WHAT THE TASK ASKS - Within the data that follows, set down exactly the lines from the one containing "2025年大國(guó)工匠" through the one containing "Oben im Bearbeitungsdialog", both ends included.

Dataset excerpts
--- START ---

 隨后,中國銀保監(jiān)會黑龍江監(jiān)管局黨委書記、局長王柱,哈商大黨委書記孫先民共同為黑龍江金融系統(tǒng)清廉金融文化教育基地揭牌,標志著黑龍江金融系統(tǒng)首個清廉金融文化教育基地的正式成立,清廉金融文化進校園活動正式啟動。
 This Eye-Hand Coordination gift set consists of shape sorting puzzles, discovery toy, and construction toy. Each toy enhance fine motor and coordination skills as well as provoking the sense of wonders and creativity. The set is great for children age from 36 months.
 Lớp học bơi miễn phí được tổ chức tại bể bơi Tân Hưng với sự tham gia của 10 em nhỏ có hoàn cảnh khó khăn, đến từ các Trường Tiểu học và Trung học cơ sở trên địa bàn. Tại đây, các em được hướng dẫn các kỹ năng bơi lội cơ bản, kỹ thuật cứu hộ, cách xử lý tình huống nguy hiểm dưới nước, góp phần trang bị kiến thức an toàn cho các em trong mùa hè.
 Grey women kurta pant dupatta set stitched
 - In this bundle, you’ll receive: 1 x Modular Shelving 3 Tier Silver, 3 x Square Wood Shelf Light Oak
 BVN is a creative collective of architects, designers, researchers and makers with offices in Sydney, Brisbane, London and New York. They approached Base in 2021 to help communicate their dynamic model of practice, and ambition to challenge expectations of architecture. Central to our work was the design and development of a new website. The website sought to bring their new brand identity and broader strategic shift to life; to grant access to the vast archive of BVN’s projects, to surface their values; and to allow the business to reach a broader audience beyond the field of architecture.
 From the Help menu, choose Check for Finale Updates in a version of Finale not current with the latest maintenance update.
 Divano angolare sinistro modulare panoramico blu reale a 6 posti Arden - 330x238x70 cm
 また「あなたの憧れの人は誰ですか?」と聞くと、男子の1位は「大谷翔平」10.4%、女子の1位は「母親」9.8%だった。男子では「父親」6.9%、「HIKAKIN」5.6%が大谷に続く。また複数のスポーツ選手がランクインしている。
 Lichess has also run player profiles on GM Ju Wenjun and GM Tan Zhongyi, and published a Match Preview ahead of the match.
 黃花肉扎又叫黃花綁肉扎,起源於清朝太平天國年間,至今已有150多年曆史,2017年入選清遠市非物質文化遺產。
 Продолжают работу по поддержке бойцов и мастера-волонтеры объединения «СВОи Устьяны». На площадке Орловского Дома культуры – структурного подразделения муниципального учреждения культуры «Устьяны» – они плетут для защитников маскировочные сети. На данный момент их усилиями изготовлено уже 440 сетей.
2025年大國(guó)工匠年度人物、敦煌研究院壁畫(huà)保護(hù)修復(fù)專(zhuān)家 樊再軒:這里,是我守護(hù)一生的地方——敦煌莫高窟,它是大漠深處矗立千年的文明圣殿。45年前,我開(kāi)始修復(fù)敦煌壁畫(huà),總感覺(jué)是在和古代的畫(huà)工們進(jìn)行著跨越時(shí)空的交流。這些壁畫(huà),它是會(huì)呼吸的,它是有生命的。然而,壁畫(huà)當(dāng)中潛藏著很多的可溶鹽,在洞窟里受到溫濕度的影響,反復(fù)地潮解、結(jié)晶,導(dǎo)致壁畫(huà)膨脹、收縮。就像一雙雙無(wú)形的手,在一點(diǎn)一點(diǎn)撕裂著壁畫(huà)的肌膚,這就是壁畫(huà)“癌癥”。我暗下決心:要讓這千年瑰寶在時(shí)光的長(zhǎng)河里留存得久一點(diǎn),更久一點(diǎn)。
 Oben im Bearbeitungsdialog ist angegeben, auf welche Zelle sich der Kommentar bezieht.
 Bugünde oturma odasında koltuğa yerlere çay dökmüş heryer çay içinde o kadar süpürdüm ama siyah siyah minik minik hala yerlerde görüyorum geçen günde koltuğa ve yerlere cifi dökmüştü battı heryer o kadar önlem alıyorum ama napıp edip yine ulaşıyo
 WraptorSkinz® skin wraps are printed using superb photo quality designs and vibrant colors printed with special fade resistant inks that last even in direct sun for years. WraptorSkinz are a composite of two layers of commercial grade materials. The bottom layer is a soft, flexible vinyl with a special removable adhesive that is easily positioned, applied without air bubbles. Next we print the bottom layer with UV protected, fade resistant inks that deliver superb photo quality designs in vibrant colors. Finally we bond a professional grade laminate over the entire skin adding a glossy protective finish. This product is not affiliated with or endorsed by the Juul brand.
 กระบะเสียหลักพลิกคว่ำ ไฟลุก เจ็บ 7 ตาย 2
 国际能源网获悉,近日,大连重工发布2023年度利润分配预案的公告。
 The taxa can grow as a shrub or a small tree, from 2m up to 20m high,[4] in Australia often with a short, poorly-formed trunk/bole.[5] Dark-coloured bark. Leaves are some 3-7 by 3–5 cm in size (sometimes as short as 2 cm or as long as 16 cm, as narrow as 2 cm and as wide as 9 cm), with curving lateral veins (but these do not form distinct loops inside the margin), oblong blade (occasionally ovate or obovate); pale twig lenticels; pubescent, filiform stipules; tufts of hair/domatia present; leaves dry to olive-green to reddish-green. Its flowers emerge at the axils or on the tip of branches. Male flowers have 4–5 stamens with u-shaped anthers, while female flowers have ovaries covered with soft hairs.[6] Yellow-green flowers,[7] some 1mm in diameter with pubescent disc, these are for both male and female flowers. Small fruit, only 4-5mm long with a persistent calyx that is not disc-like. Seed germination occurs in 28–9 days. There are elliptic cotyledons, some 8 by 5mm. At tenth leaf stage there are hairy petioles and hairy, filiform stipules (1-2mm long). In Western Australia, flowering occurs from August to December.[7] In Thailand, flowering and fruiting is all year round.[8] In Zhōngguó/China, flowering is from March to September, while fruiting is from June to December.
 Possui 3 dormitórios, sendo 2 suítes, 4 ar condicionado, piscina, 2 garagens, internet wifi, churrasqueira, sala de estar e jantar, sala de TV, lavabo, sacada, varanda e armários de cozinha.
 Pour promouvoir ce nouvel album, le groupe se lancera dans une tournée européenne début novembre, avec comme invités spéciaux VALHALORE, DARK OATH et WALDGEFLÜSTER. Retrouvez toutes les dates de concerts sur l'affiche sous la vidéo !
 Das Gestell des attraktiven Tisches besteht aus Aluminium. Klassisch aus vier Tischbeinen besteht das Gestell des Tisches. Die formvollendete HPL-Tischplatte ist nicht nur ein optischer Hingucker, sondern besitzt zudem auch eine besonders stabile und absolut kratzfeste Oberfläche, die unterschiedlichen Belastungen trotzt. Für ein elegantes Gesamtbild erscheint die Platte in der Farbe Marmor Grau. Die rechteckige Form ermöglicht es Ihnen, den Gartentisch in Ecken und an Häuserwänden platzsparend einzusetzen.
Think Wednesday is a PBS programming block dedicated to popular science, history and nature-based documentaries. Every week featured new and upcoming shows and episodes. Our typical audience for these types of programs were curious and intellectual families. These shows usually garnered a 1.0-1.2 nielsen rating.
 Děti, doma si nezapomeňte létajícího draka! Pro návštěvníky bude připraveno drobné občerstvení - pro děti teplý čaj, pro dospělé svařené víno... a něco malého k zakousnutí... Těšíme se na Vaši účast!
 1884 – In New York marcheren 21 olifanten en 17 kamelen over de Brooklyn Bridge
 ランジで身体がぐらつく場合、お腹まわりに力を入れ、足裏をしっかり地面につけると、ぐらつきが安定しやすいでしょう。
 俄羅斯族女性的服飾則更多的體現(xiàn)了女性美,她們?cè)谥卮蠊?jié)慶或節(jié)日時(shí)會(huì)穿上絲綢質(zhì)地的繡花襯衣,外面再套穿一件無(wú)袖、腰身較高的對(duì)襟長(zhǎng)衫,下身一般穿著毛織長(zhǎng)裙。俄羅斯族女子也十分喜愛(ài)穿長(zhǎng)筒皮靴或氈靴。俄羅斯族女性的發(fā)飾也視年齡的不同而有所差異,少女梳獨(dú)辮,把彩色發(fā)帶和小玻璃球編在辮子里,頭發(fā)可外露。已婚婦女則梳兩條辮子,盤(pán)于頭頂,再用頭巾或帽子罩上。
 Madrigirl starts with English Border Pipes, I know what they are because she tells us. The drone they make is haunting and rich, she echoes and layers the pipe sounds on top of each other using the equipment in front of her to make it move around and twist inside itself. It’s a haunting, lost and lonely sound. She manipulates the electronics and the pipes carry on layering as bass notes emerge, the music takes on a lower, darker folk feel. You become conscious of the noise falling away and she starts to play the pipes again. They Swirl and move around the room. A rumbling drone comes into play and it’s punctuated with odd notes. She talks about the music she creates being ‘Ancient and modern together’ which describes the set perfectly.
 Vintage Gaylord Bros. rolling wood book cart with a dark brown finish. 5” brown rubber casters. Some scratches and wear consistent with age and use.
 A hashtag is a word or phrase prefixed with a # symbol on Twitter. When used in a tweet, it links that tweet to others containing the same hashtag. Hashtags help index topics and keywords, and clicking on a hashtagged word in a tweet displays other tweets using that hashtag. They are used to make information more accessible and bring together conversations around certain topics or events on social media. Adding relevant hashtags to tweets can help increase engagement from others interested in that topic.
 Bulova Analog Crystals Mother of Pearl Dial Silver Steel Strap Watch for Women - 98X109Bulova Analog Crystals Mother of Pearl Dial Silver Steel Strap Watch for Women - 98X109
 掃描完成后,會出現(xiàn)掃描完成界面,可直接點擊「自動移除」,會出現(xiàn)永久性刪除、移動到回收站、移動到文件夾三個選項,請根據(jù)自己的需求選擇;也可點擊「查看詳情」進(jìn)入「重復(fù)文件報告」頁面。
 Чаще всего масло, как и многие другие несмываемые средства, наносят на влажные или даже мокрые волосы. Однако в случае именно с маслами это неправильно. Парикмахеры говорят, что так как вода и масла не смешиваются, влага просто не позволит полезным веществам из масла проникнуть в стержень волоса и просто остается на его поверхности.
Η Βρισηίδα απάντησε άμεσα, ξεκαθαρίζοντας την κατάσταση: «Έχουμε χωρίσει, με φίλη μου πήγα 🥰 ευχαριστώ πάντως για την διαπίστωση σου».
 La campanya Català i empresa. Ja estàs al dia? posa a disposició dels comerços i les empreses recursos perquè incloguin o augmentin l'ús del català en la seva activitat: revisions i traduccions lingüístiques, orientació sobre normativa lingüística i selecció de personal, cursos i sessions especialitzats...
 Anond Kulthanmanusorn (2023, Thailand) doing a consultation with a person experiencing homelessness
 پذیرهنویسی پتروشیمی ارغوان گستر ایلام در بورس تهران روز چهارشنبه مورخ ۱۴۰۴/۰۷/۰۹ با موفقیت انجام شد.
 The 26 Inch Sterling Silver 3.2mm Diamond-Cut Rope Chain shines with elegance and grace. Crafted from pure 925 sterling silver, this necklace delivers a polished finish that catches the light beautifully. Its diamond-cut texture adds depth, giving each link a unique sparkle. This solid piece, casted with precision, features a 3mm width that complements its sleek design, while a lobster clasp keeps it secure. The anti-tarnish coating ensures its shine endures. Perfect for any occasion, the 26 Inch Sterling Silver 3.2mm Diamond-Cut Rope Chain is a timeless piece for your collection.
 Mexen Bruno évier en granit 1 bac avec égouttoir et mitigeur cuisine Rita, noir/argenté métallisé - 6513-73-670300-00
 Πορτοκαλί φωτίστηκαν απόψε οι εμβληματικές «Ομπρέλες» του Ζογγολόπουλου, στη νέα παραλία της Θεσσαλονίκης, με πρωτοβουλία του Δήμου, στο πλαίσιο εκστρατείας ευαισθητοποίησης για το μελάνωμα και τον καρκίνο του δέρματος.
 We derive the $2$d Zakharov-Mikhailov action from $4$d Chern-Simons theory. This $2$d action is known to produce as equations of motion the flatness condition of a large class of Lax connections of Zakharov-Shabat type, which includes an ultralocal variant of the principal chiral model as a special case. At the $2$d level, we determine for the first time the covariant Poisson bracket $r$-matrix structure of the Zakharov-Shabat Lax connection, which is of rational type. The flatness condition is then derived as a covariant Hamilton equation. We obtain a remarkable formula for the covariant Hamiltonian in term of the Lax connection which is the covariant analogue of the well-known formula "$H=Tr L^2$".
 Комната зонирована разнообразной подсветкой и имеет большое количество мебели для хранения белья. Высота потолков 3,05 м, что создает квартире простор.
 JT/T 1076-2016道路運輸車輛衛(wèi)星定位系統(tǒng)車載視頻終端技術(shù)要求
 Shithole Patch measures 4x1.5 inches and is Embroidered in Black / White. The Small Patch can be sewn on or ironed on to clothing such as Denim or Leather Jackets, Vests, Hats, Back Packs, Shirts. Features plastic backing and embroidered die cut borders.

--- END ---

RESULT -
2025年大國(guó)工匠年度人物、敦煌研究院壁畫(huà)保護(hù)修復(fù)專(zhuān)家 樊再軒:這里,是我守護(hù)一生的地方——敦煌莫高窟,它是大漠深處矗立千年的文明圣殿。45年前,我開(kāi)始修復(fù)敦煌壁畫(huà),總感覺(jué)是在和古代的畫(huà)工們進(jìn)行著跨越時(shí)空的交流。這些壁畫(huà),它是會(huì)呼吸的,它是有生命的。然而,壁畫(huà)當(dāng)中潛藏著很多的可溶鹽,在洞窟里受到溫濕度的影響,反復(fù)地潮解、結(jié)晶,導(dǎo)致壁畫(huà)膨脹、收縮。就像一雙雙無(wú)形的手,在一點(diǎn)一點(diǎn)撕裂著壁畫(huà)的肌膚,這就是壁畫(huà)“癌癥”。我暗下決心:要讓這千年瑰寶在時(shí)光的長(zhǎng)河里留存得久一點(diǎn),更久一點(diǎn)。
 Oben im Bearbeitungsdialog ist angegeben, auf welche Zelle sich der Kommentar bezieht.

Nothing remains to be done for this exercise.